• [WORK REQUIRED]: Reproduce every entry word for word. Drop all pictures from the copy.

• [Stored dataset items]:

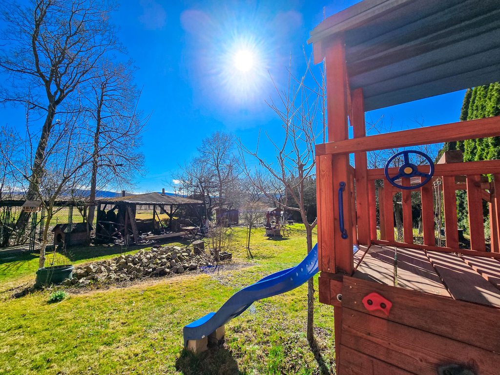Dodatkowym, niezwykle urokliwym elementem działki jest strumień płynący wzdłuż jej granicy (w uregulowanym korycie) Delikatny szum wody tworzy wyjątkową atmosferę spokoju i harmonii, działając kojąco na zmysły i podkreślając naturalny charakter tego miejsca.
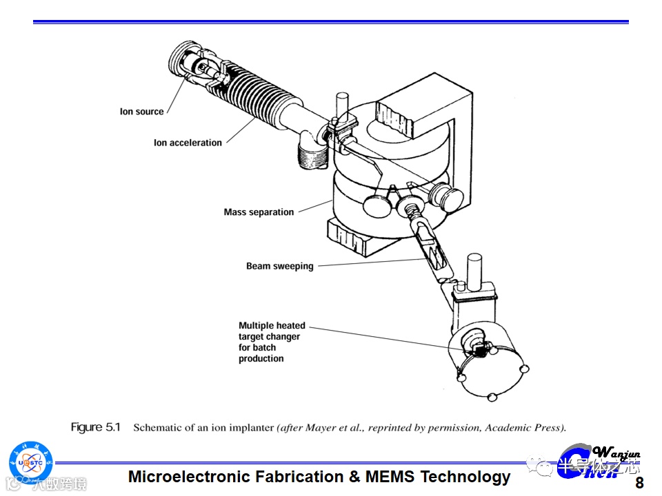 某些注入机后段加速之后,将用一个电极将离子束弯曲一个小角度,例如10°,从而有助于摆脱高能量的中性粒子。当离子的轨迹弯曲并向晶圆移动时,中性粒子保持直线运动(见图8.26)。有些注入系统将离子弯曲两次,并形成「S」形轨迹,这样可以获得纯度更高的离子源。
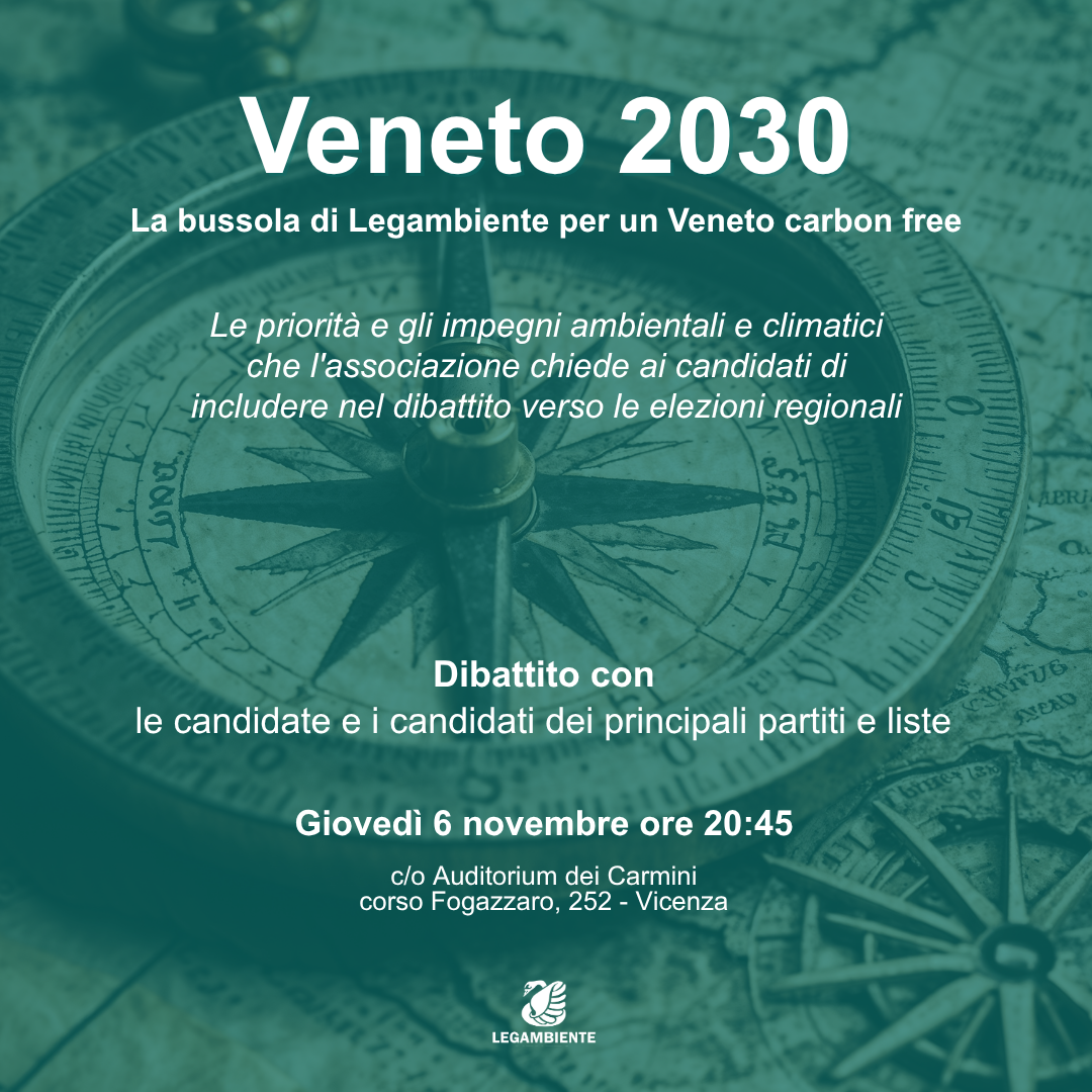 Se anche tu ti poni la stessa domanda o ti incuriosiscono le risposte, abbiamo una soluzione: giovedì 6 novembre, alle ore 20.45, i circoli Legambiente di Vicenza, Monticello Conte Otto e Ovest vicentino organizzano un dibattito pubblico con le liste che si presentano alle elezioni regionali del 23-24 novembre, per presentare e discutere il dossier “Veneto 2030: la Bussola di Legambiente per un Veneto carbon free”.
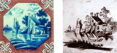 Afb. 14 Tegel in Schwetzingen Afb. 15 Voorbeeldboek voor tegelschilders (Gemeentearchief Rotterdam GAR 3195-45)
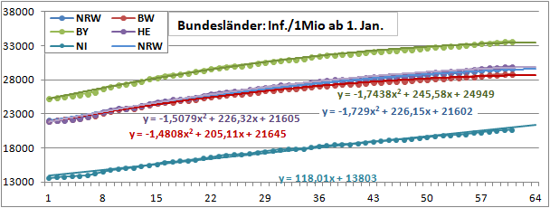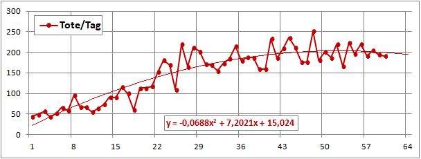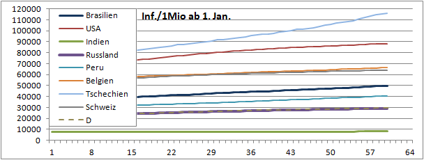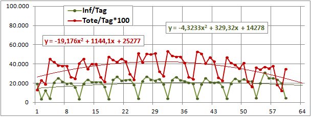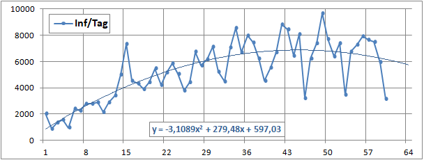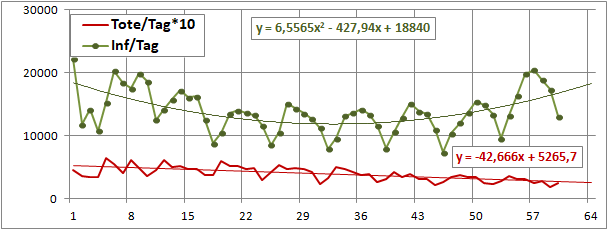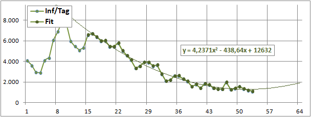 Seit Juni allerdings steigen die Gesamtzahlen quadratisch.
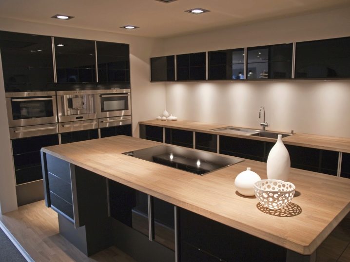 Küche mit einem schwarzen Boden ist heute keine Überraschung. Diese Stilentscheidung passt perfekt in das Interieur von Minimalismus, Loft oder High-Tech. Ausgezeichneter schwarzer Hintergrund kombiniert mit hellen Möbeln, aber von den hellen Schattierungen sollte aufgegeben werden.
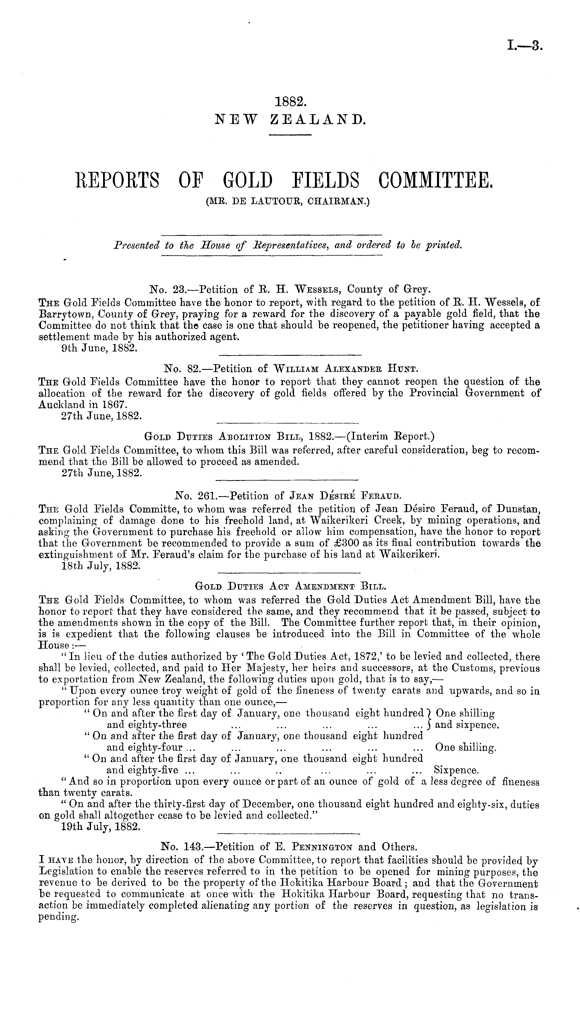 No. 82.—Petition of "William Alexandee Hunt. The Gold Fields Committee have the honor to report that they cannot reopen the question of the allocation of the reward for the discovery of gold fields offered by the Provincial Government of Auckland in 1867. 27th June, 1882.
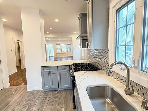 welcome to this fully renovated, sunlight filled first floor, three bedrooms, one bath apartment on a great location in town. Apartment features central air AC , hardwood floors throughout, open floor plan with huge living room, dining room and kitchen area. Kitchen features plenty of cabinet space, stainless steel appliances, and a walk out to a private backyard with its own deck, ideal for gatherings and family evenings. Three good size bedrooms, each with a closet . a full updated bathroom with a tub finishes up the space. Laundry is in the basement where you can use for extra storage as well. Amazing location, close to public transportation, restaurants, parks, school, and much more. Also, this apartment offers a very long driveway that fits up to five cars. Landlord pays water. No pets.
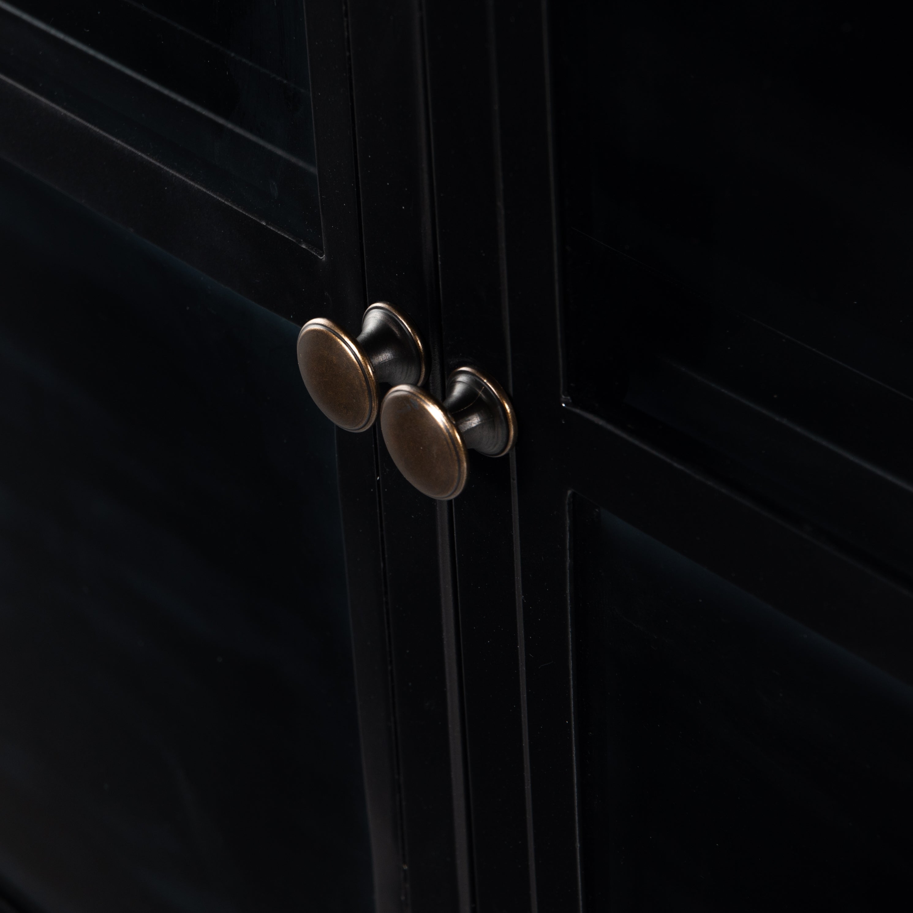 Featuring Shadow Box Sideboard - Black by Four Hands at Amethyst Home. This Shadow Box Sideboard gives your inner collector a place to play. Store prized possessions behind clear glass fronts, with black-finished metal casing and brass hardware for contrast.
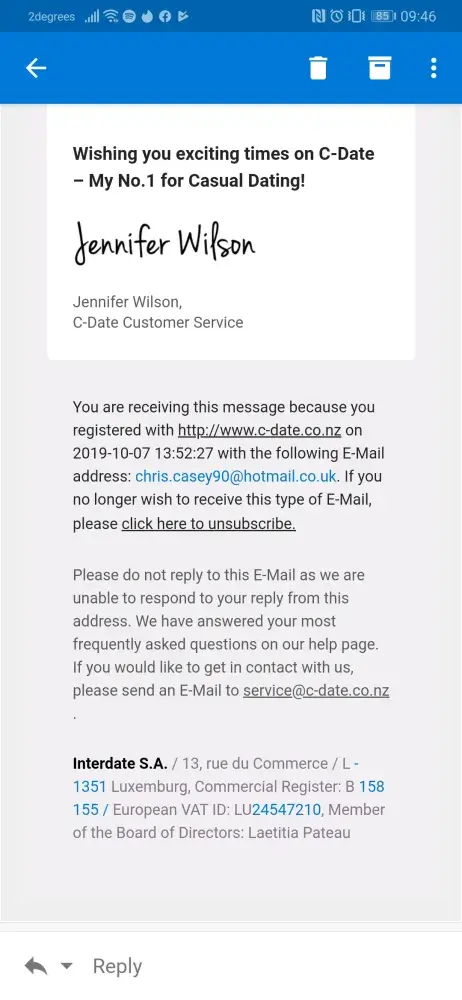 Hi everyone, DON'T Don't JOIN CDATE, you cant unsubscribe, they tell you you have to have proof of unsubscribing, which of course you can't provide, as they don't confirm. then they add on more and more costs, pass your details to more scammers to try and get you to pay'

• [OUTPUT]:
Dodatkowym, niezwykle urokliwym elementem działki jest strumień płynący wzdłuż jej granicy (w uregulowanym korycie) Delikatny szum wody tworzy wyjątkową atmosferę spokoju i harmonii, działając kojąco na zmysły i podkreślając naturalny charakter tego miejsca.
 某些注入机后段加速之后,将用一个电极将离子束弯曲一个小角度,例如10°,从而有助于摆脱高能量的中性粒子。当离子的轨迹弯曲并向晶圆移动时,中性粒子保持直线运动(见图8.26)。有些注入系统将离子弯曲两次,并形成「S」形轨迹,这样可以获得纯度更高的离子源。
 Se anche tu ti poni la stessa domanda o ti incuriosiscono le risposte, abbiamo una soluzione: giovedì 6 novembre, alle ore 20.45, i circoli Legambiente di Vicenza, Monticello Conte Otto e Ovest vicentino organizzano un dibattito pubblico con le liste che si presentano alle elezioni regionali del 23-24 novembre, per presentare e discutere il dossier “Veneto 2030: la Bussola di Legambiente per un Veneto carbon free”.
 Afb. 14 Tegel in Schwetzingen Afb. 15 Voorbeeldboek voor tegelschilders (Gemeentearchief Rotterdam GAR 3195-45)
 Seit Juni allerdings steigen die Gesamtzahlen quadratisch.
 Küche mit einem schwarzen Boden ist heute keine Überraschung. Diese Stilentscheidung passt perfekt in das Interieur von Minimalismus, Loft oder High-Tech. Ausgezeichneter schwarzer Hintergrund kombiniert mit hellen Möbeln, aber von den hellen Schattierungen sollte aufgegeben werden.
 No. 82.—Petition of "William Alexandee Hunt. The Gold Fields Committee have the honor to report that they cannot reopen the question of the allocation of the reward for the discovery of gold fields offered by the Provincial Government of Auckland in 1867. 27th June, 1882.
 welcome to this fully renovated, sunlight filled first floor, three bedrooms, one bath apartment on a great location in town. Apartment features central air AC , hardwood floors throughout, open floor plan with huge living room, dining room and kitchen area. Kitchen features plenty of cabinet space, stainless steel appliances, and a walk out to a private backyard with its own deck, ideal for gatherings and family evenings. Three good size bedrooms, each with a closet . a full updated bathroom with a tub finishes up the space. Laundry is in the basement where you can use for extra storage as well. Amazing location, close to public transportation, restaurants, parks, school, and much more. Also, this apartment offers a very long driveway that fits up to five cars. Landlord pays water. No pets.
 Featuring Shadow Box Sideboard - Black by Four Hands at Amethyst Home. This Shadow Box Sideboard gives your inner collector a place to play. Store prized possessions behind clear glass fronts, with black-finished metal casing and brass hardware for contrast.
 Hi everyone, DON'T Don't JOIN CDATE, you cant unsubscribe, they tell you you have to have proof of unsubscribing, which of course you can't provide, as they don't confirm. then they add on more and more costs, pass your details to more scammers to try and get you to pay'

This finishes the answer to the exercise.